This leads to version drift. Which is when the version numbers of your application's dependencies is different across different developers, builds or other environments.
Which can lead to hard-to-debug inconsistencies between environments, because it isn't immediately clear what versions of dependencies are installed.
Semantic versioning is crucial for managing despendencies. A Semver is fundamentally three numbers separated by dots, which indicate changes to the package.
Semver MAJOR.MINOR.PATCH :
| Change | Description | Impact |
|---|---|---|
| MAJOR | Change breaks behaviour or API, not backwards compatible | breaking |
| MINOR | Extended functionality, not a breaking change, backwards compatible | feature |
| PATCH | A bug fix | fix |
A good website to view Semver for a specific package is semver.npmjs.com
A great package to install globally which show the latest versions for packages you have installed in your project is:
$npm install -g npm-check-updatesthen to use it, just do:
$ncuSemantic versioning allows us full control over what we install.
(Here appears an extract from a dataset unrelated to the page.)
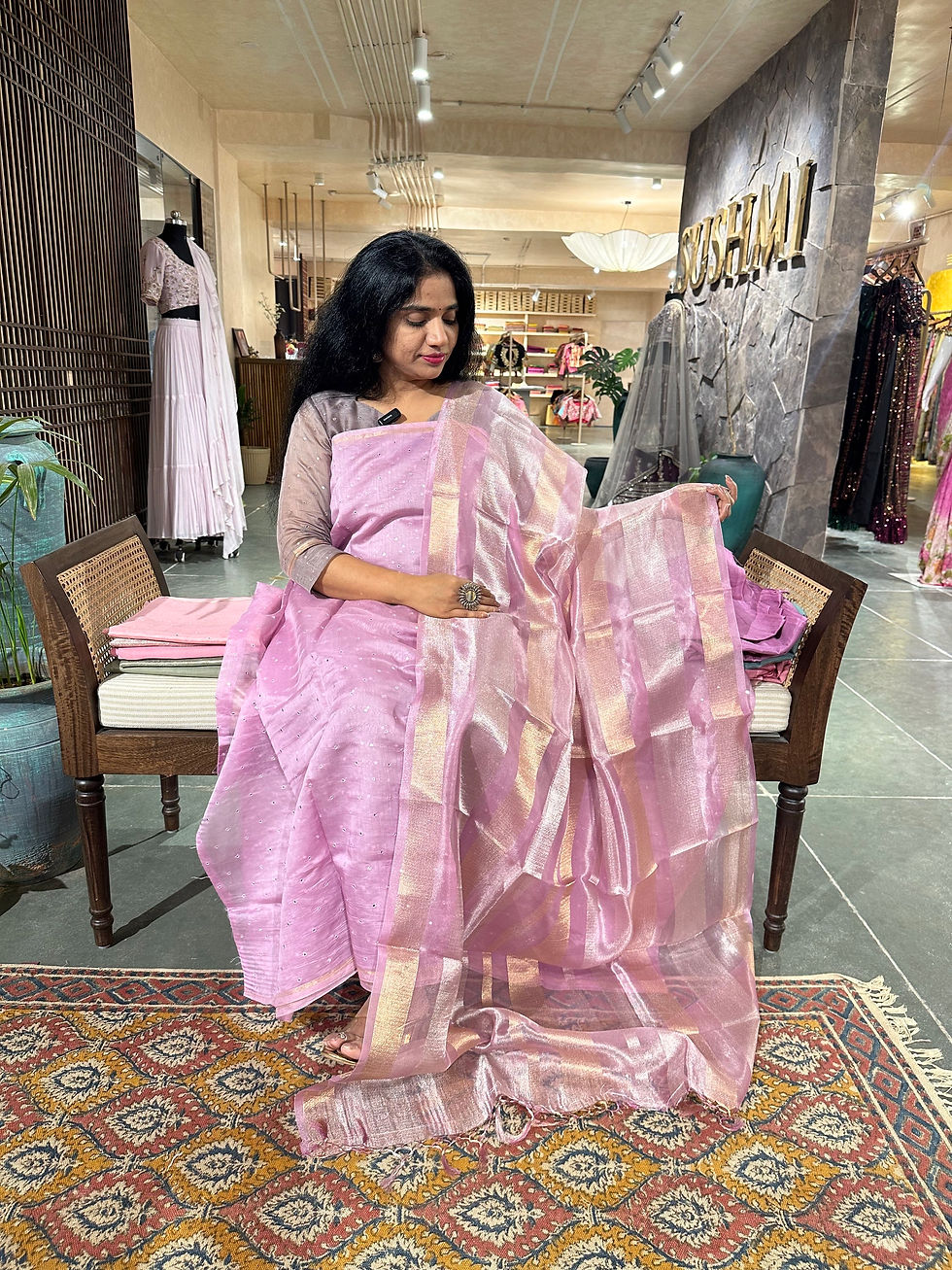 Pastel Pink Pure Handloom Chanderi silk mirrorwork 3-pc suit set

We are helped in this process by a couple of semver specifiers namely the tilde ~ and the carat ^.
Both block changes in the MAJOR version.
Where they differ is in flexibility around minor version changes and behaviour for versions below 1.0.0 ( ie the "magic zero" versions).
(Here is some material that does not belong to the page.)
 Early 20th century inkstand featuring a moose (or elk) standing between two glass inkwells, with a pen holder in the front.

~ Tilde - flexible on Patch
For tilde ranges, major and minor versions must match those specified, but any patch version greater than or equal to the one specified is valid.
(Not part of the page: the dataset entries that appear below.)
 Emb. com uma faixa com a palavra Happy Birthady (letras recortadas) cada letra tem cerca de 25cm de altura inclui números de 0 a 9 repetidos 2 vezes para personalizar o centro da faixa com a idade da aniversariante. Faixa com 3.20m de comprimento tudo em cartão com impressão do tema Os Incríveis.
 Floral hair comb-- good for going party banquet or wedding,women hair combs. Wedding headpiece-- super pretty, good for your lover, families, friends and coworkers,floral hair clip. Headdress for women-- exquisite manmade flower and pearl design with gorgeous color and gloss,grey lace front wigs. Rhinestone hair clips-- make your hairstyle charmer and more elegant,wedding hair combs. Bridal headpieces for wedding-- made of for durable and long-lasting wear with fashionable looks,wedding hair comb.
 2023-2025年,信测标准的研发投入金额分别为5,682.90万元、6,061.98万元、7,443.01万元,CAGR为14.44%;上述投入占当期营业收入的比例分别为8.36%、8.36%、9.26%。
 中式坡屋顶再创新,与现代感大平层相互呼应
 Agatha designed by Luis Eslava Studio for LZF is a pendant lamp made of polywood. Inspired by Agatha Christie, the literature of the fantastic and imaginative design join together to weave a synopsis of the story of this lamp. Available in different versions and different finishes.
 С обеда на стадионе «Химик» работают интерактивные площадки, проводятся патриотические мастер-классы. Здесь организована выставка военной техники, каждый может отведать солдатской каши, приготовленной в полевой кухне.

For example, ~1.2.3 permits versions from 1.2.3 up to, but not including, the next minor, 1.3.0.
^ Caret - flexible on Minor and Patch
For caret ranges, only major versions must match. Any minor or patch version greater than or equal to the minimum is valid.
For example, ~1.2.3 will only permit versions up to not not including 1.3.0 however the caret version, ^1.2.3 permits versions from 1.2.3 all the way up to. but not including, the major version. 2.0.0.
so we can either do:
- 1 - default install
- 2 - specified install
1 - Default install
To install a package ( ie request) we use npm install ie:
$npm install request // this will install the latest versionThis will install the latest version of the request package in the node_modules folder and update the package.json file with the corresponding name and version number.
"dependencies": {
"request": ^2.88.0"
}
So by default the npm CLI installs the latest version of a package, unless otherwise specified.
2 - Specified install
We can tell npm to install an exact version of a package or even a package version with a specified range:
$npm i request@2.1.2 // this exact version only
$npm i request@1.x // >=1.0.0 <2.0.0
$npm i request@1.2.3 - 2.3.4 // >=1.2.3 <=2.3.4
$npm i request@1.2.* // >1.2.0 <1.3.0
$npm i request@~1.2.3 // >1.2.3 <1.3.0
$npm i request@^1.2.3 // >1.2.3 <2.0.0
A word of caution around the use of 0.x.x versions, things get messy due to the nature of the special 0 major version number.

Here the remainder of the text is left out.